Relation with Hessian and Log-likelihood

Click For Summary

Discussion Overview

The discussion revolves around the relationship between the Hessian matrix and the log-likelihood function in statistical estimation. Participants explore the mathematical derivation of an equation relating the expectation of the product of first derivatives of the log-likelihood to the expectation of the negative second derivative. The scope includes theoretical aspects of likelihood functions and their derivatives.

Discussion Character

  • Technical explanation
  • Mathematical reasoning
  • Debate/contested

Main Points Raised

  • One participant presents an equation involving the expectation of the product of first derivatives of the log-likelihood and the negative second derivative, seeking to demonstrate its validity.
  • There is a calculation involving the second derivative of the log-likelihood, leading to an expression that participants are trying to equate with another derived expression.
  • Another participant questions the integration over parameters without a prior joint distribution, emphasizing the need for clarity on the integration process with respect to the parameters.
  • A later reply suggests that for different indices in the sums, the corresponding random variables may be independent, raising the question of whether their expected values are zero.
  • Participants discuss the implications of integrating over the parameters versus the observed values, noting potential errors in earlier calculations.

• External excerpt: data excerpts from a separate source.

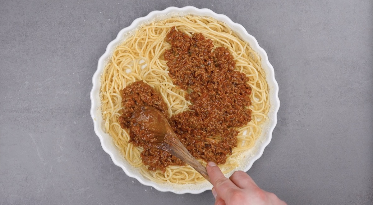 4.) Gib etwa ein Drittel der Spaghetti in die große Tarteform und verteile die Bolognese darauf; lass dabei einen Rand von ca. 1 bis 2 Zentimetern.
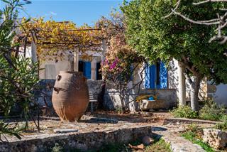 Set in a peaceful location within Saktouria village, this beautifully designed U-shaped home combines traditional Cretan-Cycladic architecture with modern comfort and sustainability. Built from stone and concrete and arranged around a sunny, wind-sheltered terrace, the property offers an inviting outdoor living space surrounded by greenery.INTERIORThe house is fully insulated (walls and roof) and equipped with air-conditioning units for heating and cooling in every room, along with electric panels in some areas. A wood burner creates a warm, cozy atmosphere in the living space. The property operates sustainably with 12 solar panels installed in 2023 with batteries and connected to the grid.The lower level, part of the original stone house, has been beautifully restored i ...
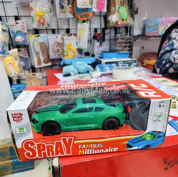 Description: Pick & Nick Spray Famous Millionaire Racing Car remote control rechargeable—stylish, high-speed RC car with spray effect for an exciting and realistic driving experience.
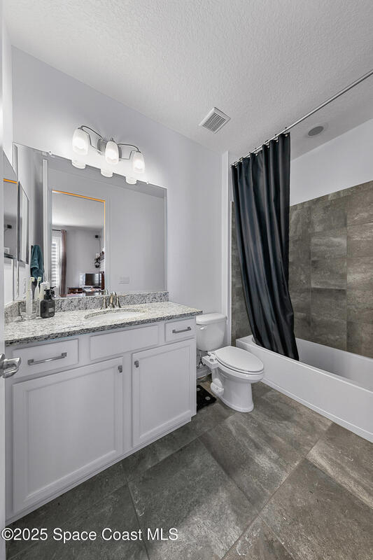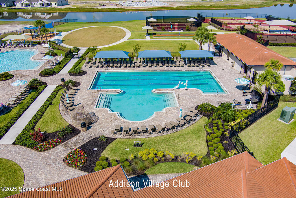This lakefront pool home is in the heart of Viera, and once the model for the neighborhood. Located behind the gates of the Stonecrest subdivision which is less than 1 mile from I-95 and in the heart of and in Brevard's premier school district. This gorgeous 5 bedroom, 4 bathroom lake front home is LOADED with extras. This spacious gourmet kitchen has a gas stove. IMPACT WINDOWS throughout home. The garage is air conditioned with a separate workspace/office (the living sq ft doesn't include the garage). The outdoor living has a large porch & screened pool with tranquil waterfront views. The floor plan is well versed with office/den in the front of home plus a HUGE bonus room bath and the 5th bedroom on the second level. This golf cart friendly subdivision has a community pool, exquisite clubhouse, multiple pickleball and tennis courts and even a shaded playground with many walking paths to venture along. Home is turnkey, and ready for a new family for immediate occupancy.
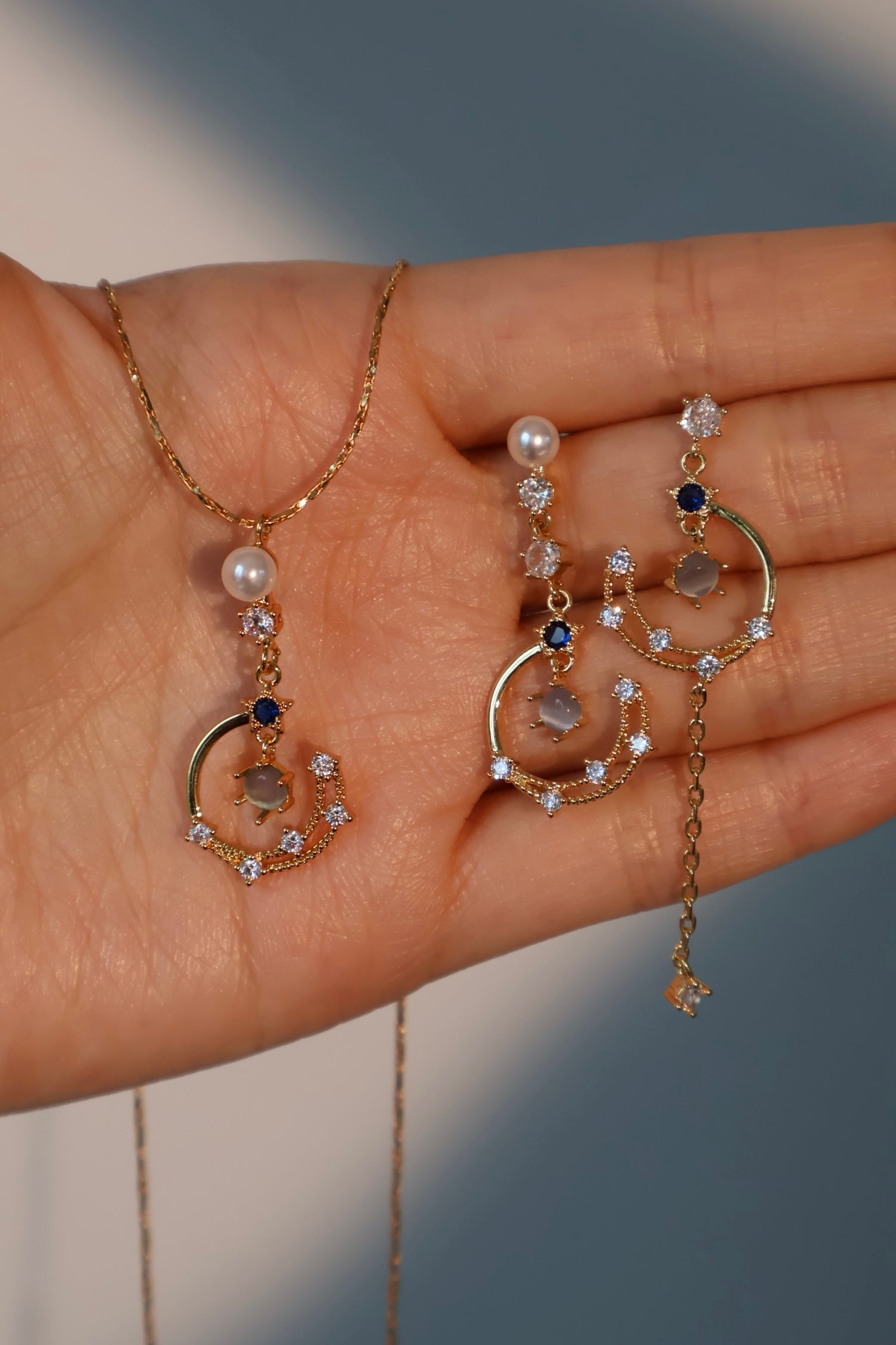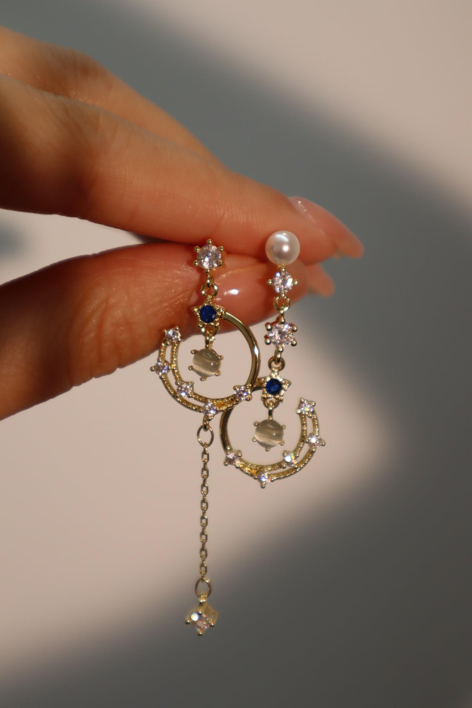 - 14K Real Gold plated + High quality zirconia diamonds & moonstones + synthetic pearl
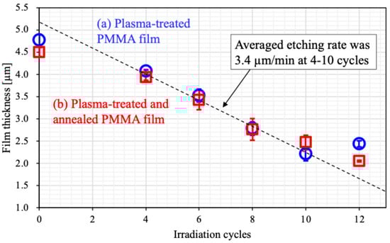 Figure 8 presents the effect of PMMA film thickness on APLTP irradiation cycles for the plasma-treated PMMA film and plasma-treated and annealed PMMA film. The initial film thickness is represented by the value at zero irradiation cycles. Before annealing, the film thickness was 4.75 µm. After annealing, it decreased slightly to 4.50 µm. However, no horizontal shrinkage was observed. There was no peeling or warping of the film. The volume shrinkage was about 5% because the thickness shrinkage was about 0.25 µm. This reduction in thickness must be attributed to the shrinkage of the PMMA film caused by the heating during the annealing process. No further decrease in film thickness was observed after four or more irradiation cycles, both before and after annealing, suggesting that the surface side of the PMMA film may be more susceptible to shrinkage. The etching rate, about 3.4 µm/min, was determined for irradiation cycles ranging from 4 to 10, calculated based on the reduction in film thickness relative to the number of irradiation cycles. After 12 irradiation cycles, the observed film thickness deviated from the expected value based on the calculated etching rate. Between 10 and 12 cycles, a decrease in the etching rate was observed, perhaps indicating an increase in the density of the PMMA film at below 2 µm in thickness.
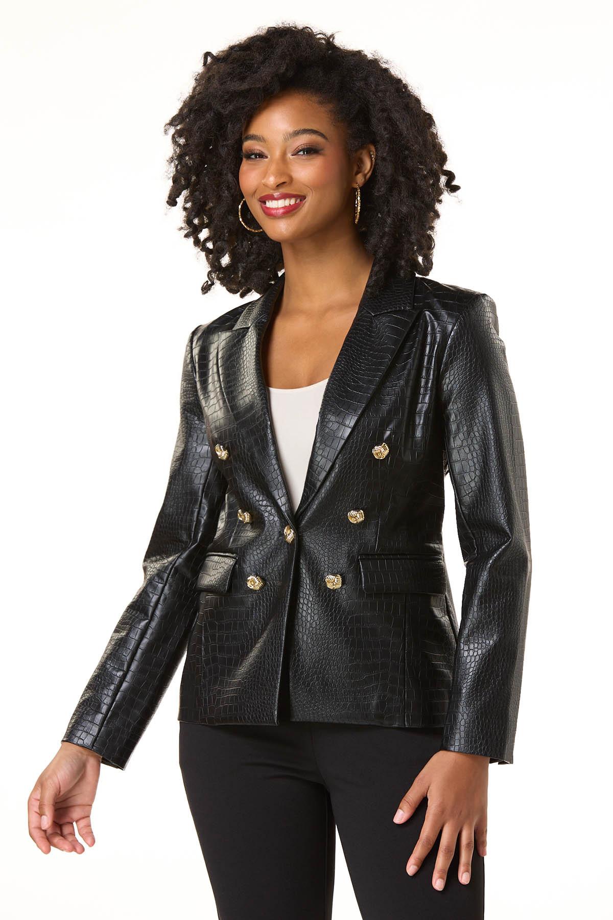 Elevate your day or night with this chic, limited edition style, featuring a shiny-croco texture, front pocket detail, lightly-padded shoulders, leopard print lining and gold button detail for a contemporary, made-you-look finish.
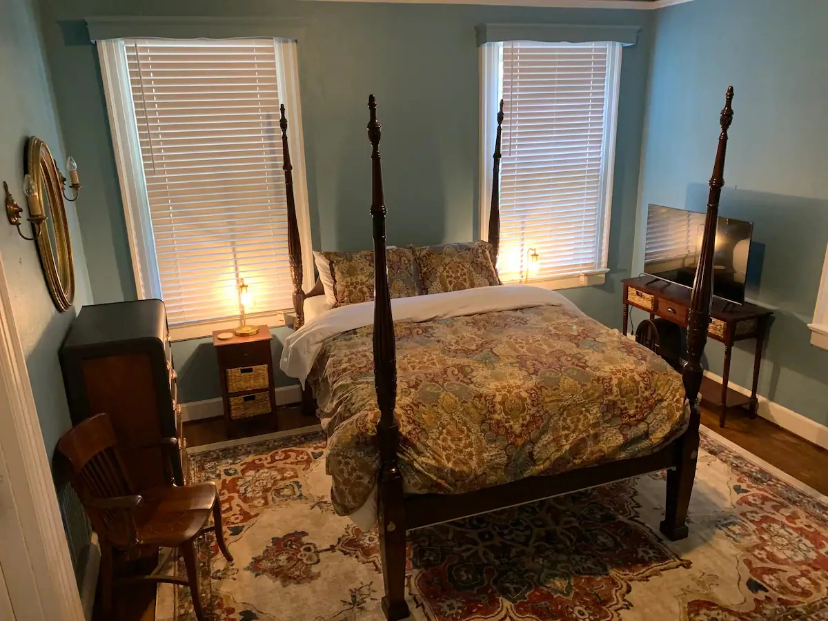 A centrally located 1st-floor room that sleeps 2, featuring original wood floors. Guests can relax in the formal living room or enjoy the outdoors in the garden and patio. The stay includes high-speed WIFI, regular housekeeping, and coffee and tea available downstairs.
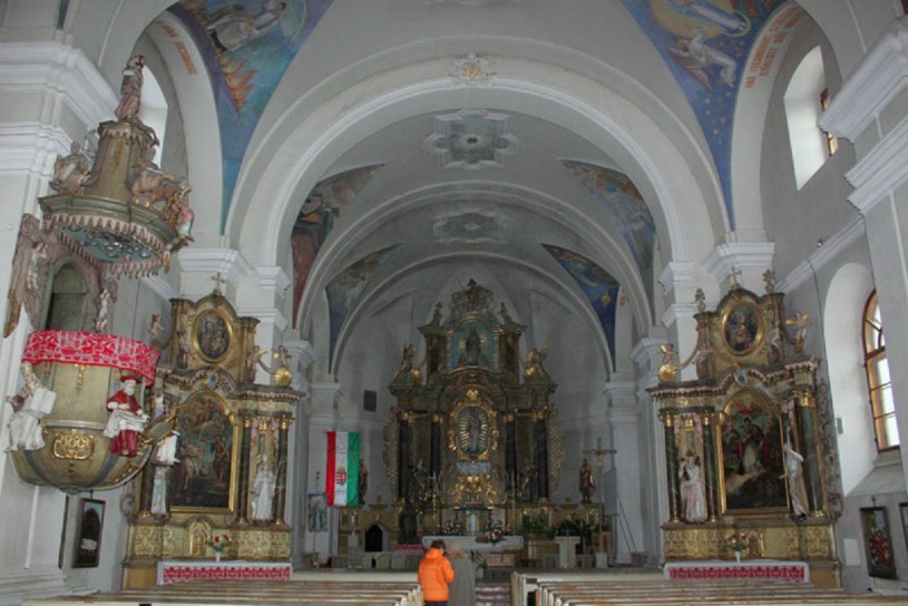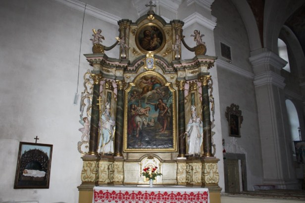 Tabloul central reprezintă Botezul lui Hristos, care, cu un picior în apa râului Iordan, se apleacă în faţa Sfântului Ioan Botezătorul, ca acesta să poată revărsa apa botezului peste capul său. Tabloul altarului lateral sudic este o reprezentare a Sfântului Ioan de Nepomuk. Sfântul stă îngenunchiat deasupra norilor, având în mână o cruce şi o ramură de palmier care indică martiriul său.
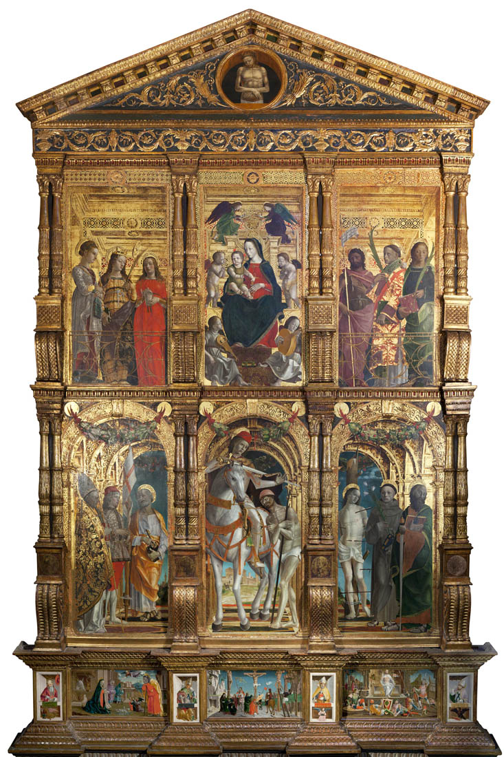 Ammirando il polittico di San Martino sembra quasi di poter “sbirciare” all’interno di un grandioso palazzo dalla facciata trasparente. Si ammirano la Madonna, San Martino, gli altri santi e gli angeli, disposti su un fondale carico di ori e preziosità, che i pittori Bernardo Zenale e Bernardino Butinone seppero però modernizzare grazie all’uso della prospettiva nelle arcate, nei soffitti e nei pavimenti. È come assistere al passaggio in Lombardia tra lo stile gotico internazionale, sfarzoso e raffinato, e l’affermazione del Rinascimento, dove è la misura a contare di più e dove sono centrali espressioni e fisionomie. Si va alla ricerca dei mille dettagli che rendono unico questo polittico: le stoffe damascate e ricamate degli abiti dei santi, impreziosite da perline; le acconciature e gli accessori; i frutti pendenti dei festoni, con uccellini che rendono vivace la scena. Ci si inoltra nel mistero delle storie sacre, ed ecco le tre sante sulla sinistra, abbigliate come principesse, che mostrano i simboli della loro fede: gli occhi per Lucia, la ruota dentata per Caterina, i sacri unguenti per la Maddalena. Altrettanto ricchi sono i paramenti dei santi sottostanti: in particolare Maurizio e Zeno, molto venerati a Treviglio, città di cui si riconosce il campanile nel paesaggio di sfondo. Nella splendida scena centrale con San Martino si avvertono infine tutta l’umanità del cavaliere e il freddo patito dal povero.
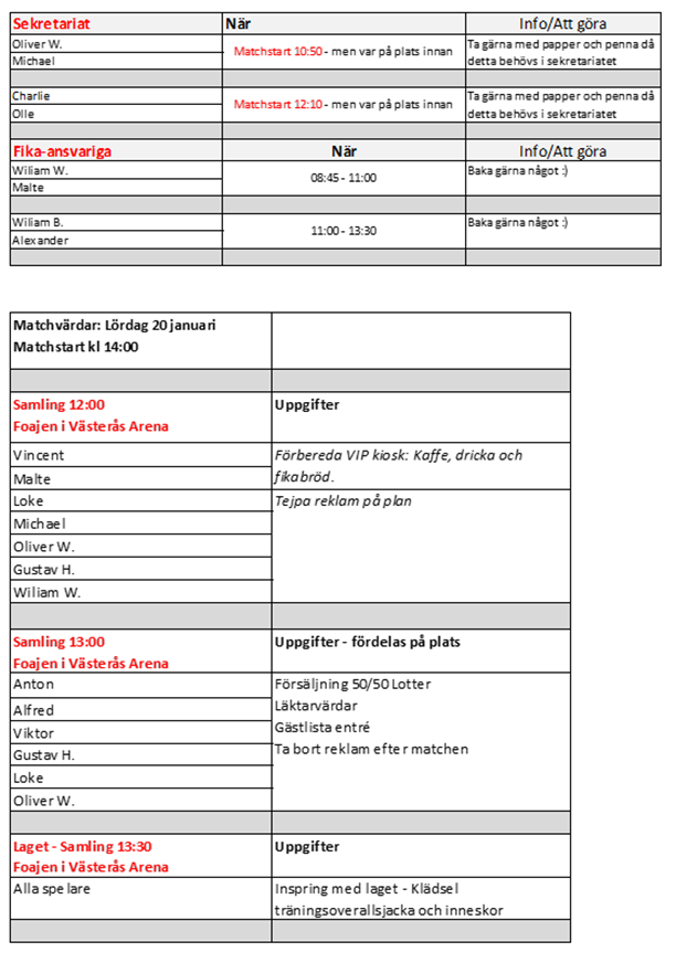 OBS!! på tiderna - På grund av att vi behöver bemanna matchen mellan Enköping och Guif som ligger mellan våra VI-matcher, samt att vårt matchvärdskap för A-laget påbörjas innan vår sista match är spelat, så behöver man kolla extra noga på var och när man ska infinna sig som vuxen.
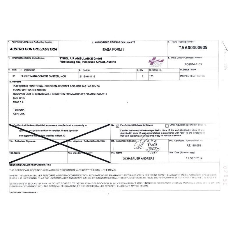 comes with EASA FORM 1
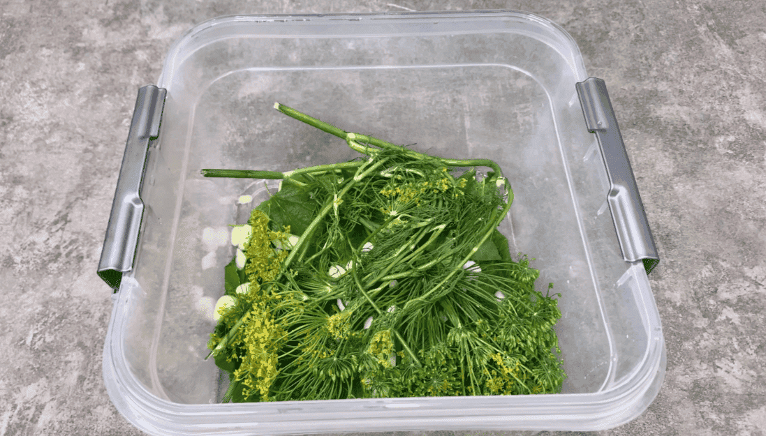 3. Зверху, знову укладаємо листя смородини, вишні, пластини часнику, чорний перець горошком і парасольки кропу.
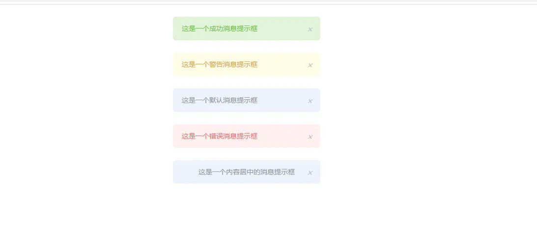 有四种提示框,以及让内容居中,我们不外乎是多加一个类名来写css样式,比如内容居中,我们只需要在html消息提示框容器元素加上一个类名,代码如下:
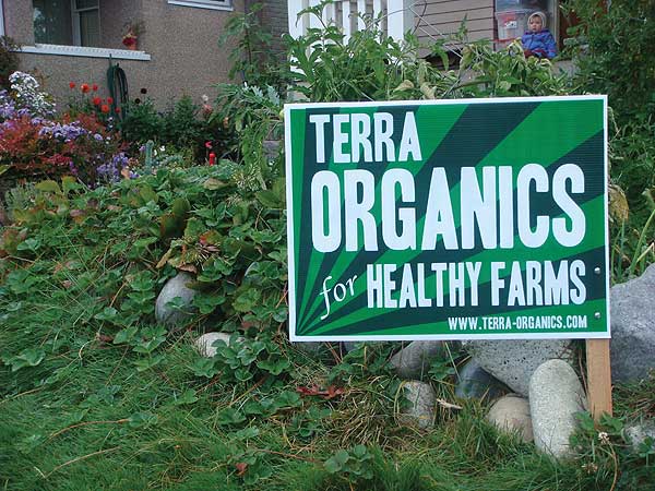 Terra Organics is a family owned company now based in Tacoma that provides home delivery of fresh, seasonal produce while supporting sustainable farms. Their signs have appeared in yards and are occasionally intermixed with the current crop of political candidates. We asked Dan Hulse, the owner of Terra Organics, for a few comments on his non-traditional ad campaign:
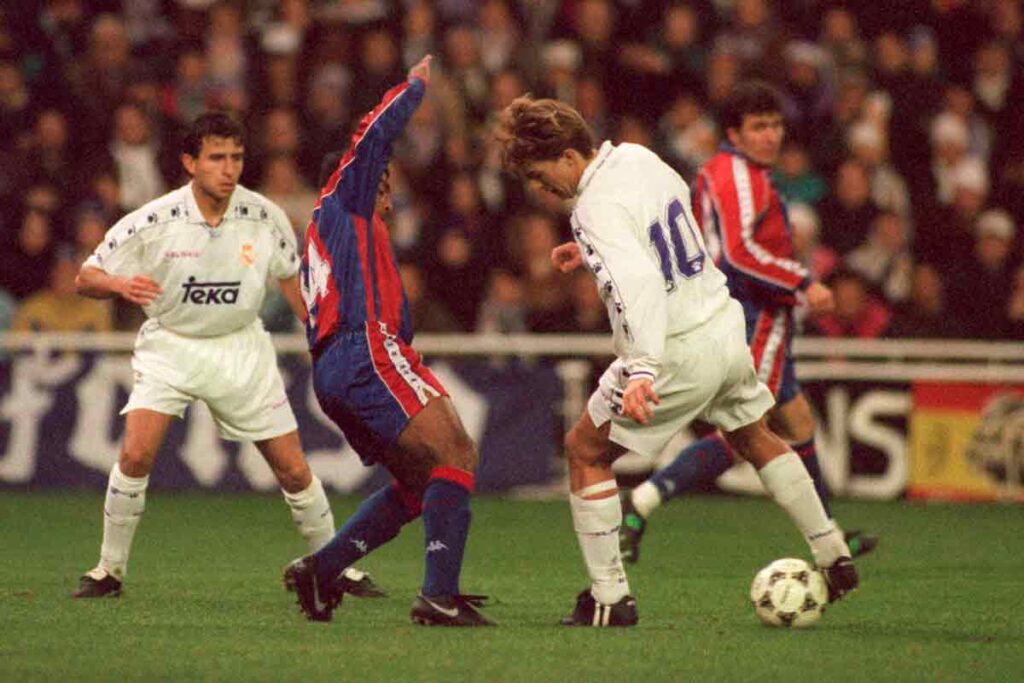 El genio danés acabó en el Real Madrid procedente del Barça en el verano de 1994 tras una temporada de desavenencias con Johan Cruyff. En el equipo capitalino jugó dos campañas siendo la primera de ellas espectacular y reconquistando la Liga para el Real Madrid tras cuatro años de sequía. Laudrup que firmó cuando tenía 30 años habría sido un jugador determinante para los blancos de haber llegado unos años antes porque podría haber anulado la inercia ganadora en el fútbol español del Dream Team, que no hubiese contado en sus filas con un futbolista mágico, brillante y decisivo por sus pases y asistencias en los títulos culés.

Areas of Agreement / Disagreement

Participants express differing views on the correct approach to integrating over parameters and the assumptions required for the independence of certain variables. The discussion remains unresolved regarding the validity of the proposed equations and the integration methods.

Contextual Notes

There are limitations related to the assumptions made about the joint distribution of parameters and the independence of variables, which remain unresolved in the discussion.

fab13
Messages
300
Reaction score
7
TL;DR
I would like to get a rigorous demonstration of relation (1) given at the beginning of my post, implyint the Hessian and the general exporession of log-Likelihood.
I would like to demonstrate the equation (1) below in the general form of the Log-likelihood :

##E\Big[\frac{\partial \mathcal{L}}{\partial \theta} \frac{\partial \mathcal{L}^{\prime}}{\partial \theta}\Big]=E\Big[\frac{-\partial^{2} \mathcal{L}}{\partial \theta \partial \theta^{\prime}}\Big]\quad(1)##

with the \log of Likelihood \mathcal{L} defined by \mathcal{L} = \log\bigg(\Pi_{i} f(x_{i})\bigg) with x_{i} all experimental/observed values.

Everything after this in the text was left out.